Prolactin regulates neurovascular coupling in male psychotic patients

Recent studies indicated that increased prolactin levels have negative effects on cognitive function in non-psychiatric populations and impair processing speed in patients with psychosis. According to the basic research, prolactin induces regional vasoconstriction via the inhibition of a vasodilatory beta-2-adrenergic receptor-mediated effect related to the nitrous oxide intracellular pathway. Thus, increased prolactin levels may have a risk of decreased regional cerebral blood flow against neuronal activities.

Fig. 1. Correlations between prolactin levels and NIRS integral values or initial values at frontal and temporal region of cerebral cortex in male subjects.

To investigate the relationship between prolactin levels and prefrontal hemodynamic responses, we performed near-infrared spectroscopy (NIRS) by 22-channel topography system for 86 psychiatric patients treated with or without antipsychotics that cause prolactin elevation by its dopamine D2 receptor blockade effect. And we measured serum prolactin levels within a week from NIRS examination. Changes of the concentration of oxygenated hemoglobin in prefrontal cortices were evaluated during a verbal fluency test, and three NIRS indices (integral value: size of area during the activation, centroid value: centroid time of area throughout, and initial value: axis assessed by an initial change) were analyzed against prolactin levels and antipsychotic chlorpromazine equivalent doses by gender and by cortex region. Interestingly, serum prolactin levels were significantly negatively correlated with integral values and initial values in male subjects (Fig. 1), whereas no such correlations were found in female subjects and between the chlorpromazine equivalent doses and NIRS indices. These results indicated that a higher level in prolactin caused a decline in prefrontal hemodynamic responses in male subjects, independent of the dopamine D2 blockade.

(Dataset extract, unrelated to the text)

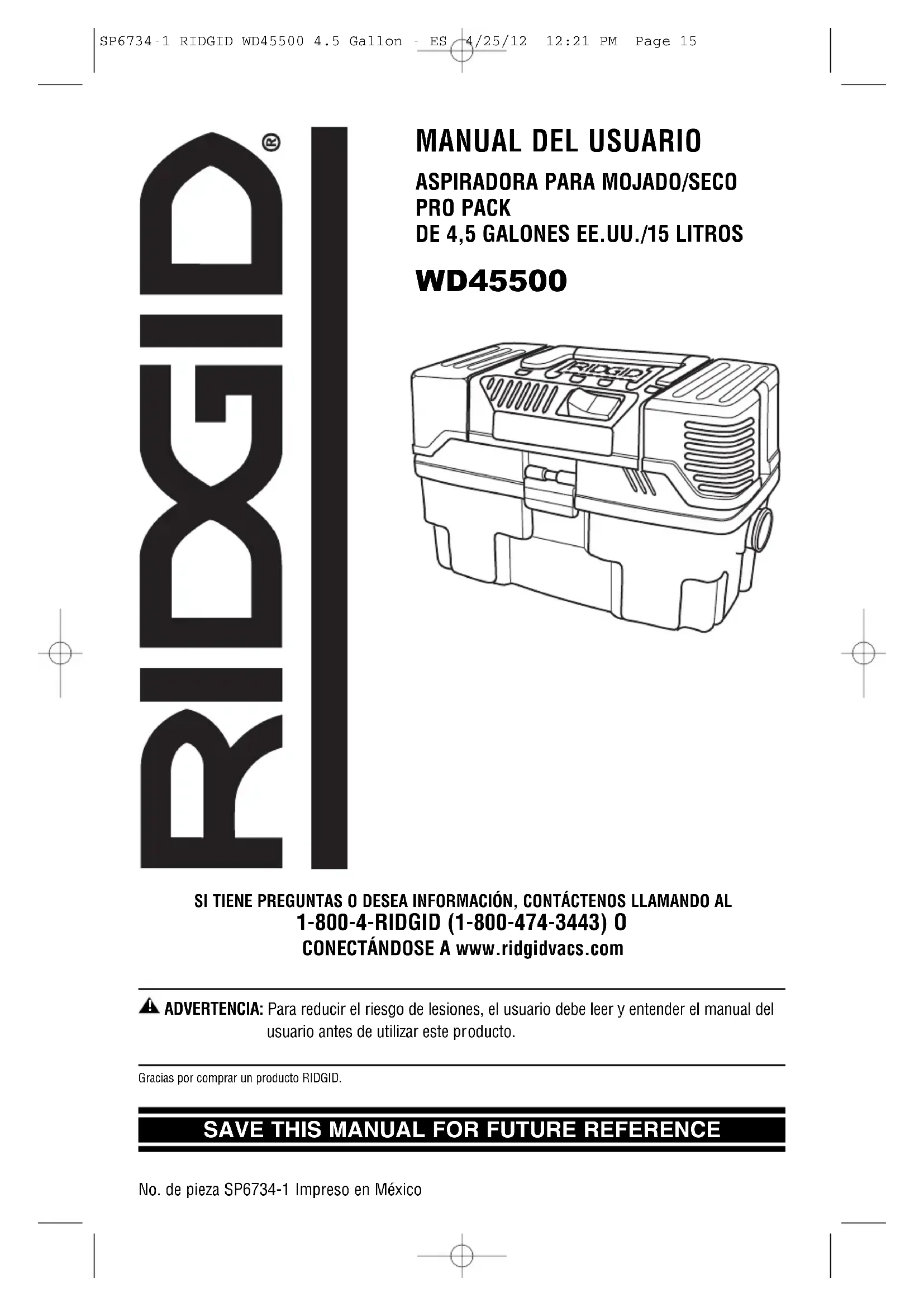 - Gracias por comprar un producto RIDGID. SP6734-1 RIDGID WD45500 4.5 Gallon - ES 4/25/12 12:21 PM Page 1516 Sección PáginaInstrucciones de seguridad importantes p. 16

The brain consumes high energy and requires adequate blood flow. The magnitude and spatial location of blood flow changes are tightly linked to changes in neuronal activity through a complex sequence of coordinated events involving neurons, astrocytes, and vascular cells, which is called neurovascular unit (NVU). The NVU is a physiological unit with specific structural and functional components. The recent concept of NVU consists of neurons, capillary endothelial cells, vascular tree with arterial smooth muscle cells, perivascular nerves from larger vessels, and astrocytes. Neuronal activity and blood flow are closely coupled by numerous mediators such as nitric oxide, ion channels, and astrocyte signalings. The mechanism how astrocytes regulate vascular smooth muscle contractility remains unclear, although they play a pivotal role on the formation, function, and elimination of synapses.  In response to enhanced neuronal activity, astrocytes may signal to blood vessels directly through gap junctions or indirectly releasing soluble factors, resulting in enhanced delivery of oxygen and glucose to the active brain region. According to our study, hyperprolactinemia decreased NIRS integral values and initial values during tasks in male subjects, which indicated prolactin reduces regional blood flow in men. Prolactin receptors are expressed on astrocytes, which controls various clinically-relevant functions. Signaling to vascular smooth muscle via prolactin receptors on astrocytes influences the vascular tonus. Prolactin may be involved in glial responses and modulate frontotemporal blood flow during tasks because activation of prolactin receptor initiates multiple second-messenger cascades, which influence vascular tonus (Fig. 2).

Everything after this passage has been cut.